» **Task**:
Only the lines below between the one holding "根据公司日前发布的公告,本次" and the one holding "无论是打字、浏览、绘图还是阅", inclusive, are to be reproduced word for word; the pictures are to be left out.

» **Extracted material**:

-- Opening Marker --

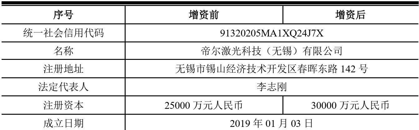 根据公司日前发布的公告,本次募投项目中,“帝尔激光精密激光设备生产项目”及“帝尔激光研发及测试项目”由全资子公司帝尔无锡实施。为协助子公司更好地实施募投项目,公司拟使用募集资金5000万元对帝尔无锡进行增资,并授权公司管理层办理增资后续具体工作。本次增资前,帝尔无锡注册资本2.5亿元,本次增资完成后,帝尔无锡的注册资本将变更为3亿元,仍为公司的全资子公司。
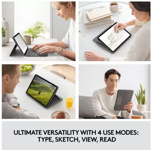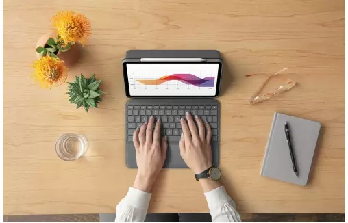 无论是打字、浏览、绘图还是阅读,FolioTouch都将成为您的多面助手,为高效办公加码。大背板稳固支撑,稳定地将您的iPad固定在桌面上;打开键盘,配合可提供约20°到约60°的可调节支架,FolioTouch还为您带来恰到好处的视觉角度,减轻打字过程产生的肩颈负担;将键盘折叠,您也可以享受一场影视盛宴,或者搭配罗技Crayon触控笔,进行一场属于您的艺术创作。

-- Closing Marker --
-- Opening Marker --

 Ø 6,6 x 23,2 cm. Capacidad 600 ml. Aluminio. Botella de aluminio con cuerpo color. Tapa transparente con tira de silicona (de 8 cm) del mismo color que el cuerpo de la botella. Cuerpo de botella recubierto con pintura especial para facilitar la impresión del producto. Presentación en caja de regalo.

-- Closing Marker --
-- Opening Marker --

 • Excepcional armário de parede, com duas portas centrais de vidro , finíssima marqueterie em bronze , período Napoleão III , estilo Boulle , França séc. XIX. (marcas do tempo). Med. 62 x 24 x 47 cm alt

-- Closing Marker --

» **Reply to the exercise**:
 根据公司日前发布的公告,本次募投项目中,“帝尔激光精密激光设备生产项目”及“帝尔激光研发及测试项目”由全资子公司帝尔无锡实施。为协助子公司更好地实施募投项目,公司拟使用募集资金5000万元对帝尔无锡进行增资,并授权公司管理层办理增资后续具体工作。本次增资前,帝尔无锡注册资本2.5亿元,本次增资完成后,帝尔无锡的注册资本将变更为3亿元,仍为公司的全资子公司。
 无论是打字、浏览、绘图还是阅读,FolioTouch都将成为您的多面助手,为高效办公加码。大背板稳固支撑,稳定地将您的iPad固定在桌面上;打开键盘,配合可提供约20°到约60°的可调节支架,FolioTouch还为您带来恰到好处的视觉角度,减轻打字过程产生的肩颈负担;将键盘折叠,您也可以享受一场影视盛宴,或者搭配罗技Crayon触控笔,进行一场属于您的艺术创作。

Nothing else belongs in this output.